Es blieb dann knapp, und in der 35. Minute schien bei Red Dragons der Knoten zu platzen. Erstmals nach 33 Minuten ging das Team um Kapitän Pötzsch mit 59:56 wieder in den Führung. Doch gelang es nicht, den Vorsprung auszubauen.
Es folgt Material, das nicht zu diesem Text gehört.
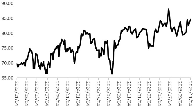 今年前三个季度,国内煤制甲醇装置处于微利状态,甲醇开工率持续上升。进入四季度,随着甲醇供大于求问题凸显,甲醇价格持续回落。加之冬季取暖旺季到来,煤炭价格坚挺,国内煤制甲醇企业经营每况愈下。截至目前,国内煤制甲醇、气制甲醇分别亏损250元/吨和440元/吨,并且亏损幅度呈现持续扩大的态势。但国内甲醇开工率并没有因此出现明显下降。截至11月14日,国内甲醇开工率为84.63%,较去年同期上升3.67个百分点。国内甲醇的周度供应量接近200万吨的高位,加上进口,总供应量在240万吨左右。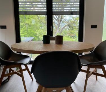 Offering a garden, The Green One Edersee offers accommodations in Bringhausen. With lake views, this accommodation provides a balcony. There's a picnic area and guests have access to free Wifi, free private parking, and an electric vehicle charging station. Providing a terrace and mountain views, the vacation home includes 2 bedrooms, a living room, satellite flat-screen TV, an equipped kitchen, and 2 bathrooms with a walk-in shower and a bath. The parquet floors, fireplace, and peaceful vibe add to the ambience of the room. The property has an outdoor dining area. Guests can make the most of the warm weather with the property's barbecue facilities. Kassel-Calden Airport is 34 miles away.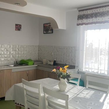Va punem la dispoziție o bucătărie complet utilată, unde va puteți pregăti și servi masă.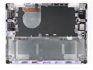 Отвёрткой Framework удалите шесть (по три на каждый шарнир) винтов T5 Torx длиной 4,5 мм, крепящих два шарнира.

Fehlpässe, unnötige Ballverluste und zu hastig abgeschlossene Angriffe mit ungenauen Korbwürfen boten den Gastgebern die Gelegenheit, Anschluss zu halten.

Als die letzte Spielminute anbrach, war der Tabellenführer noch mit 67:64 im Vorteil. Nun aber konnten Graul und Pfeiffer den Spieß zugunsten des VfB Hermsdorf umdrehen. Als noch 24Sekunden zu spielen waren, sahen sich die Red Dragons mit 67:70 im Rückstand. Worauf in der verbleibenden kurzen Zeit noch ein wahrer Basketball-Krimi geschrieben wurde. Die Gäste schienen durchaus nicht chancenlos, waren sie doch in Ballbesitz und bekamen Freiwürfe. Sie konnten aber nur einen von insgesamt sechs Freiwürfen verwandeln und verpassten so die Möglichkeit, wieder in Führung zu gehen. Dagegen setzte der Hermsdorfer Eduardo Panda noch den Schlusspunkt, und mit 68:72 musste der Tabellenführer seine erste Niederlage hinnehmen.

Der allgemeine Eindruck war, dass es sich die WSG-Basketballer unnötig schwer machten und so die Chance auf eine perfekte Saisonbilanz verspielten.

Die Aufstellung

WSG81 KönigsWusterhausen: Schekauski (15 Punkte), Diallo (13), Gersch (11), Rathke (9), Hasselberg (6), Kapitanov (5), Pötzsch (5), Usamah (4.).